So I just had my head down and I haven’t really done anything exciting, except for, well you can see–maybe you can see behind me. I don’t if you remember from last year I spent most of my time complaining about the fact that my house was a disaster and we were going through a huge insurance mess. The insurance mess is done, but the disaster is still here because who can afford to renovate their entire house from top to bottom? Not this girl.

Kyle, what did you do with your summer?

Kyle: Well, I’m a teacher and so is my wife, so I immediately just attracted the hatred of about 98% of our audience with that comment. I have a lot of freedom with my summers. So we did what two people who have a lot of time off would do. We travelled around Canada, saw a lot of our friends, and a little bit into the States, where some of my wife’s family lives. Just generally enjoyed things. I started way too many projects. And now, of course, everything I procrastinated in terms of home maintenance and preparing for the school year is coming home to roost. So that’s been my summer.

And then just reading super-entertaining newspaper headlines recently. For those who they’re tuning in, we’re just taping this on August 28th, so if we’re a little bit out-of-date, that’s why. And I was thinking about this as Jackson’s talking about sort of lingo and terminology and how finance people can sort of talk over people’s heads. And I think that’s the same in any industry. Like I go to talk to mechanics and they’re talking about things. It’s like I know what a car is. I think I could identify a motor…

Jackson: I can drive it. I can drive it. That’s about it, yeah.

Kyle: Yeah, exactly. And yet they’re like, “Oh yeah, blah, blah, blah, and here’s the bill.” I’m just “okay, all right.” So I think law’s the same way. And more and more as I see more and more of these industries and the lingo involved, we’ve created these weird vocabularies to describe very simple things, usually.

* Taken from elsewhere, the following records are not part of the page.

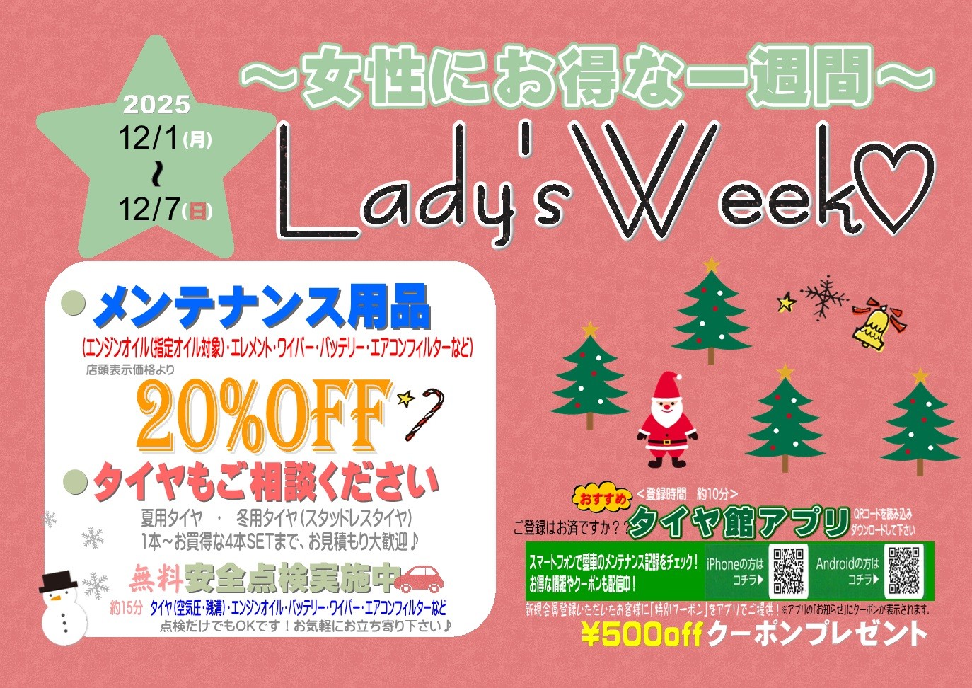 【大牟田・荒尾近辺にお住まいの方】 12月1日〜7日限定イベント レディースウィーク開催いたします!
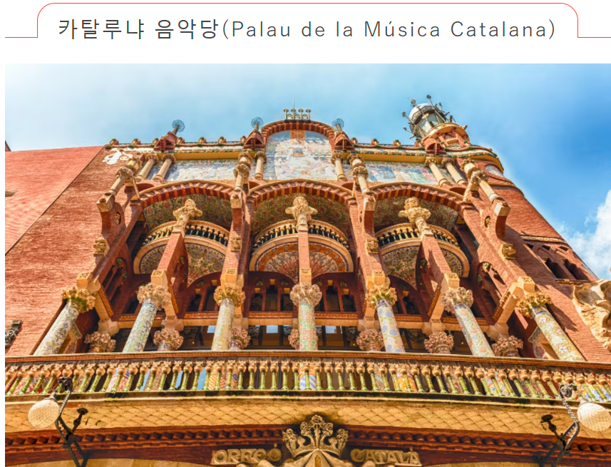 1905~1908년에 지어진 카탈루냐 음악당은 건축가 몬타네르가 가우디와 함께 설계한 콘서트홀입니다. 천장의 스테인드글라스와 우아한 장식 등 건물의 숨막히는 아름다움에 매료될 것은 틀림없습니다. 플라멩코나 오페라 등의 공연을 관람할 수 있는 투어도 있으니, 시간에 여유가 있다면 꼭 참가해 보세요.
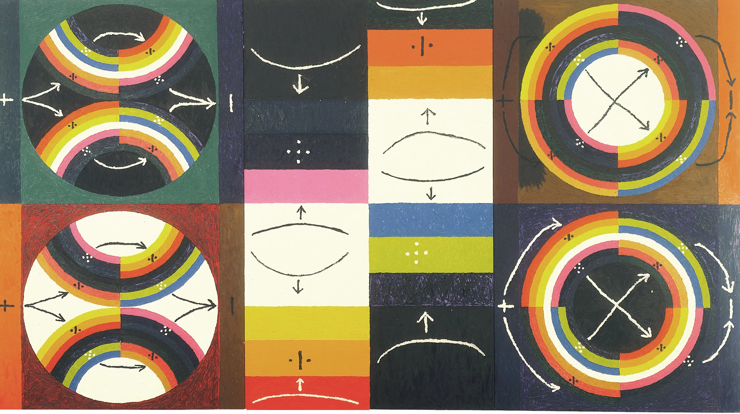 Strongly influenced by Guatemalan textiles and pre-Columbian art, Jensen also drew inspiration from sources ranging from the intuitive to the theoretical and scientific. James Clerk Maxwell’s formulation of electromagnetism and foundational texts like the I Ching, Johann Wolfgang von Goethe’s Theory of Color (Zur Farbenlehre) (1810), and J. Eric S.

And one of these like crazy things about the finance industry is I love the weird animal analogies and like just ridiculous like kindergarten terms we use to describe when things are happening in the world of finance. And so like right now you can go on to like any of major newspaper owned by billionaires, written by really smart people, and they’re talking about “don’t catch falling knives” and “are the bulls and the bears fighting?” and “are the lamb and the pig gonna get slaughtered?” And it’s like, what in the world are you referring to right now? So I don’t know, Sandi, can you talk some sense? What is actually going on in the stock market right now and do we even need to care, or should I be panicking in putting all my money under my pillow?

Sandi: Well, don’t’ do that. It’s a very uncomfortable sleep. It’ll just throw your back right out.

Kyle: I don’t know. Scrooge McDuck looked okay, right. You just dive in.

Sandi: I always wondered about that. I always thought they needed to do just one time where he dove into the coins and, obviously, didn’t go through them and broke his neck. Cut to the scene with like a roast duck on the table.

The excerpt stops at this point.